Nintendo had the biggest share in Rare.

XenoBlade pushes the system more then Jett. Okay the bulk of the power goes to making ridiculous draw distances, but that's one of the reasons why it's the most graphically intense Wii game IMO. I don't consider something like Turok (N64) with the short draw distances, but great textures, a good looking game. Same logic applies for Jett Rocket. Plus look at the game, all the textures are re-used extensively. There is no depth to the game. Where something like XenoBlade, there is so much depth. From all the individual blades of grass to the unique textures on all the models.

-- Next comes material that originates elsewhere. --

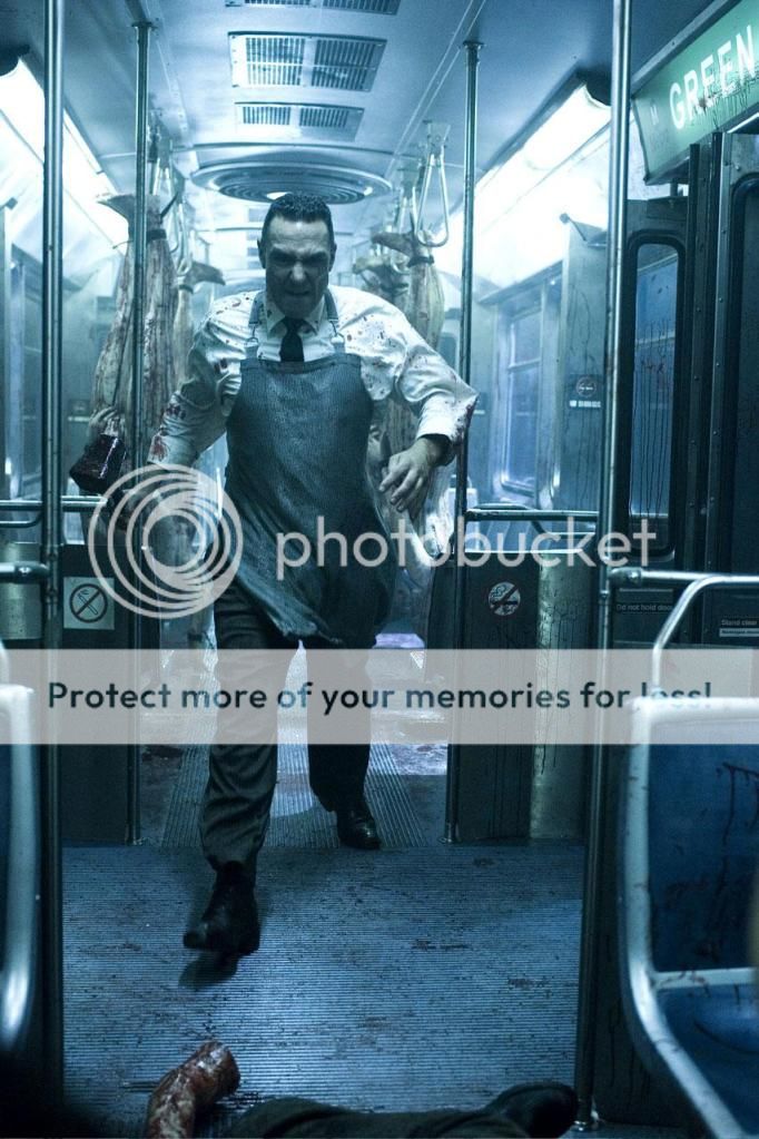 Mon Avis : MIDNIGHT MEAT TRAIN est adapté de l’excellente nouvelle "Le Train De L’Abattoir" extrait du BOOK OF BLOOD de maître Clive Barker. Bien qu'il y aie une photographie très soignée, le film est une adaptation pour le moins ratée d'une des histoire que j'avais adoré du livre. La mise en scène trop tape-à-l’œil ne correspond pas à l’univers à la fois poétique et torturé de Barker. L’idée de l’introspection dans les bas fond de la ville est particulièrement intéressante mais malheureusement rapidement délaissé au profit de scènes gores dont la mise en scène façon clip et la conception à grands renforts d’effets numériques sont totalement en désaccord avec l’écriture brut et sans concession de Clive Barker. Il aurait fallu que les scènes de tueries soient faites sans CGI, qu’elles soient moins complaisantes et plus inspirées. Ce film souffre d’une réalisation trop démonstrative, qui cherche à faire dans le sensationnel au lieu d’embarquer le spectateur dans un univers cohérent et angoissant (ce que faisait si bien la nouvelle). MIDNIGHT MEAT TRAIN est un film dénué d’ambiance, de nuances et de subtilité. Idem pour les personnages, dont la psychologie est à peine survolée, alors que Barker accorde une énorme importance à ses personnages, leurs états d’âme et leurs angoisses si mal retranscrit en ce qui concerne Leon Kaufman. Le scénariste n’a pas su saisir l’essence du BOOK OF BLOOD et nous raconte une histoire, tout ce qu’il y a de plus banale, avec des personnages auxquels on ne s’attache pas (d’autant plus qu’on ne comprend pas les motivations du héros) ainsi qu'un final trop rapide et par corollaire mal amené. Soulignons tout de même que Vinnie Jones est particulièrement charismatique dans un rôle plus intéressant qu’il n’y paraît (si seulement le scénariste ne s’était pas contenté de le survoler!!!). Conclusion: il faut lire Clive Barker même si cette réalisation de Kitamura reste la meilleur que j'ai pu voir à ce jour du mettre de l'horreur.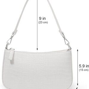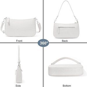 Small White Croc Pattern Nylon Shoulder Bag with 2 Removable Straps Compact Cros

I'm sorry, XenoBlade could almost pass off as a 360 game, it looks insane.

As for SNES, Super Mario World uses the SNES FX 2 chip......I don't consider that a powerful game at all. Super Mario RPG IMO is definately the best looking game, and Starfox/Vortex are the most graphically impressive.

Jett is closer to a 360 game than Xenoblade because it uses many of the kind of effects 360 games do, like global illumination. Xenoblade doesn't. It's vistas are truly stunning thanks to excellent art direction and memory usage, but in GPU terms its essentially just throwing out textured polygons without any advanced effects.

And Super Mario World does not use the FX2 chip; only Doom, Winter Gold, and Yoshi's Island do, and of those, Doom pushes it the hardest as it  actually features 3D worlds with textures.

So what? XenoBlade still looks better. Virtua Tennis 3 is one of the only PS3/360 gaves to run native 1080p, does that make it better looking then God of War or Mass Effect? Heck no. Same applies here, it pushes the Wii much harder to make a large environment then it does to make a small one with some added effects.

I meant Super Mario World 2* uses the FX 2 chip, and it's not that impressive. SMRPG is the clear cut best looking SNES game.

This isn't about what the best looking though, it's about what is the most processor intensive.

On the Wii, doing effects like normal mapping stress the system more than wide open environments. Hell, just to get these effects to work at all you have to essentially hack the GPU and "trick" it into doing things it was never designed to do. 

Same for the SNES; it was never meant to do 3D at all, and Doom not only does 3D, but unlike other FX chip titles, it pushes textured environments instead of mostly flat shaded ones. Doom is essentially a 5th gen game running on 4th gen hardware.